Tax-free savings accounts (TFSA) offer a wide range of benefits and mostly designed to address a certain problem that customers come across in the financial lives. As you may know, investments methods or vehicles are mainly created and designed to meet specific individual needs and expectations
As explained, the TFSA should not be viewed as one-size-fits-all solution, as an investor, you must be open to many other opportunities that presents themselves to you in the process.
With these type of investments, you are entitled to invest up to R30 000 per year into a TFSA and your contributions are capped at a lifetime limit of R500 000. The lifetime amount of R500 000 will obviously be reached after R17 years for the R30 000 investments.

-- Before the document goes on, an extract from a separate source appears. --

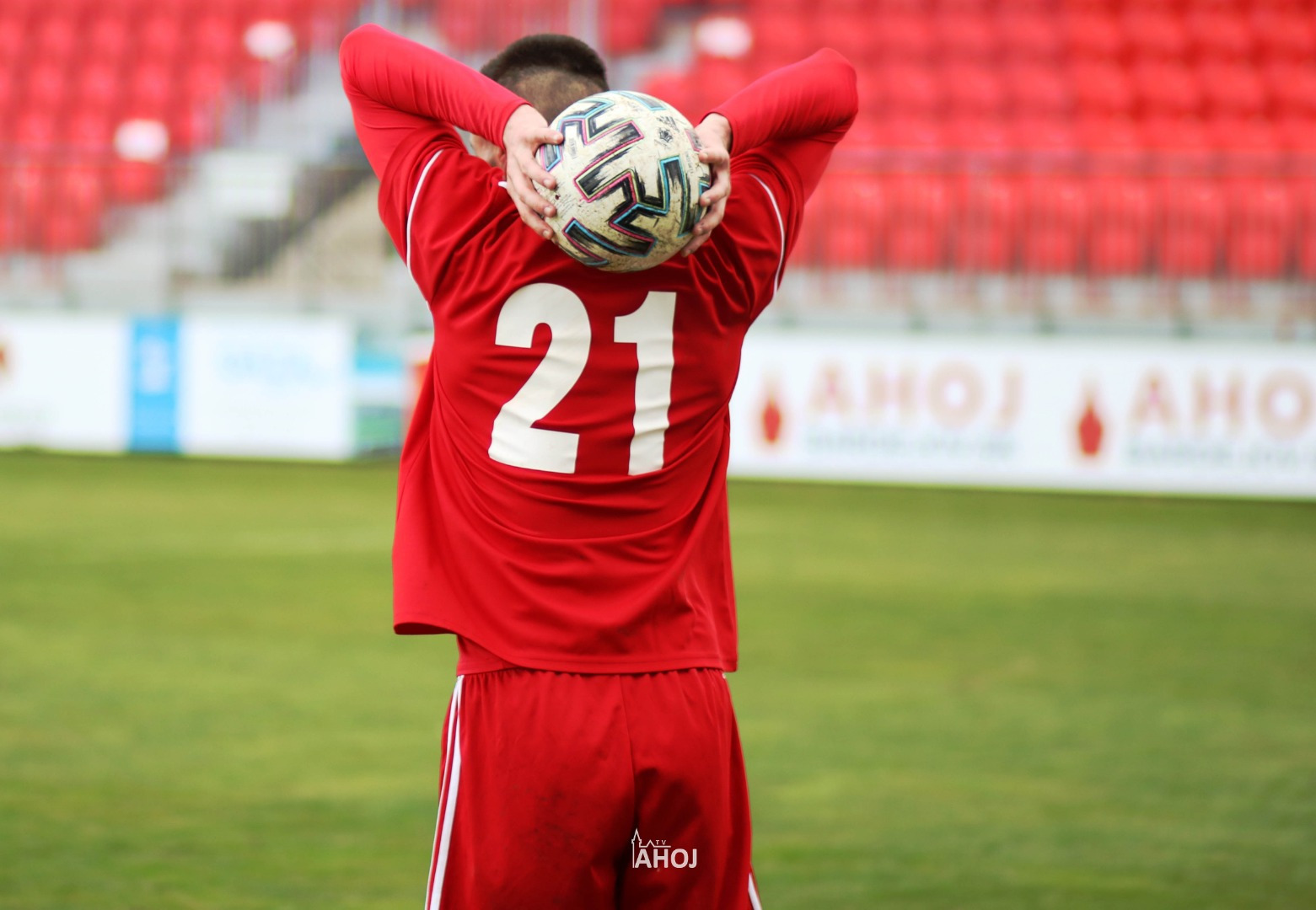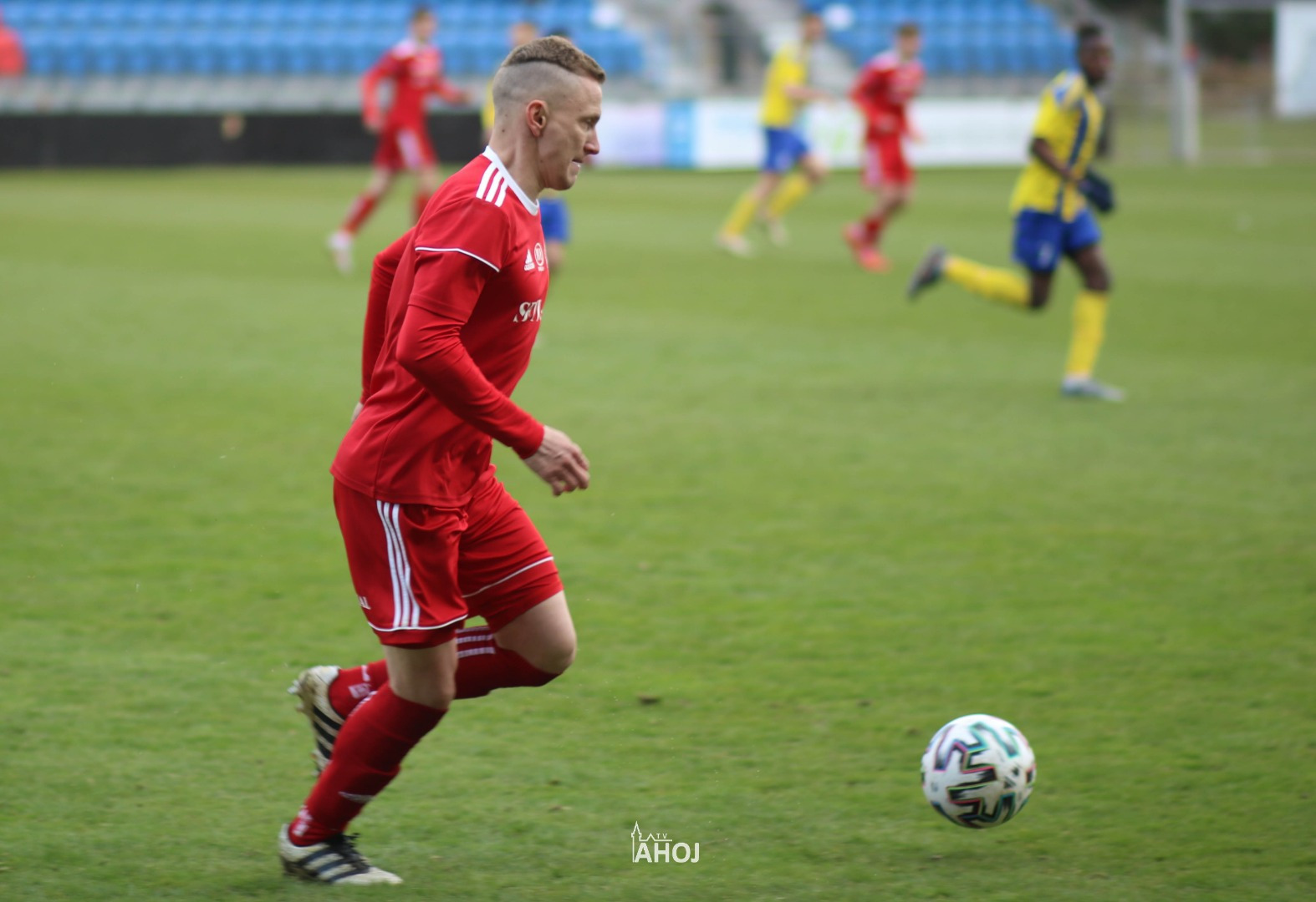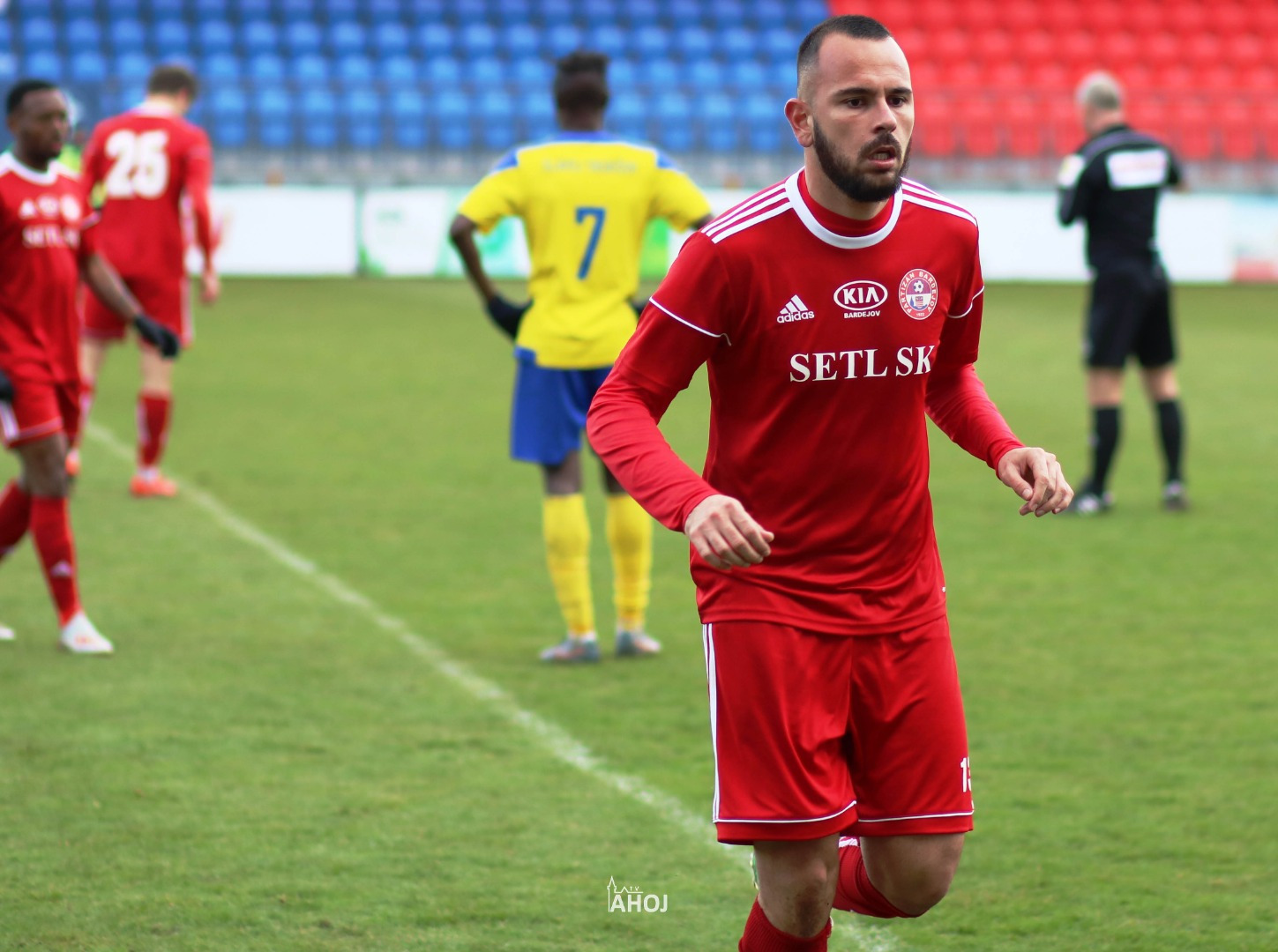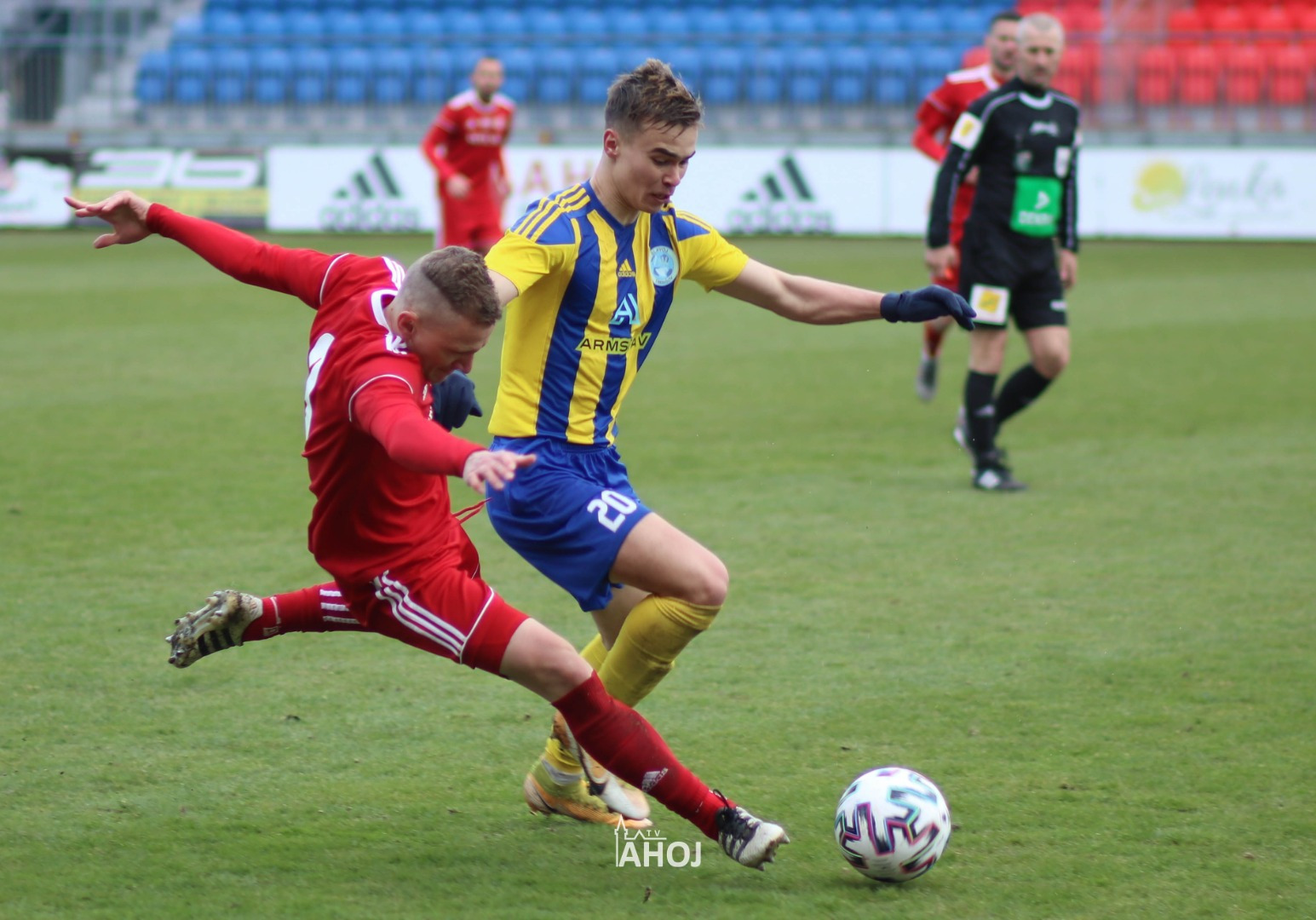 domáci futbalisti hrajúci v červených dresoch a svojho protivníka
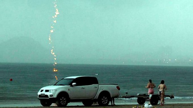 El reportero gráfico Rogério Soares fue el que logró captar la fotografía que dejó al descubierto. Se ve el momento exacto en que el rayo impacta a la mujer de 36 años.

When to use tax-free savings accounts
- Achieving long-term investment goals;
- Saving for retirement when your income is below the income tax threshold, and you’ll consequently not enjoy any personal income tax relief from contributions made to retirement funds;
- Topping up retirement savings over and above the maximum amount per annum (namely R350 000) that one can receive tax breaks on. Given that most South Africans are under-funded for retirement, there is a need for most working people to play catch up and contribute more than the deductible limits in retirement funds.
- Saving for retirement when you are uncertain about your long-term income or job security and may therefore need to access the capital if you become unemployed;
- Saving for retirement if you are uncertain whether you will emigrate, in which case you may want to realise the investment to expatriate your capital should you leave.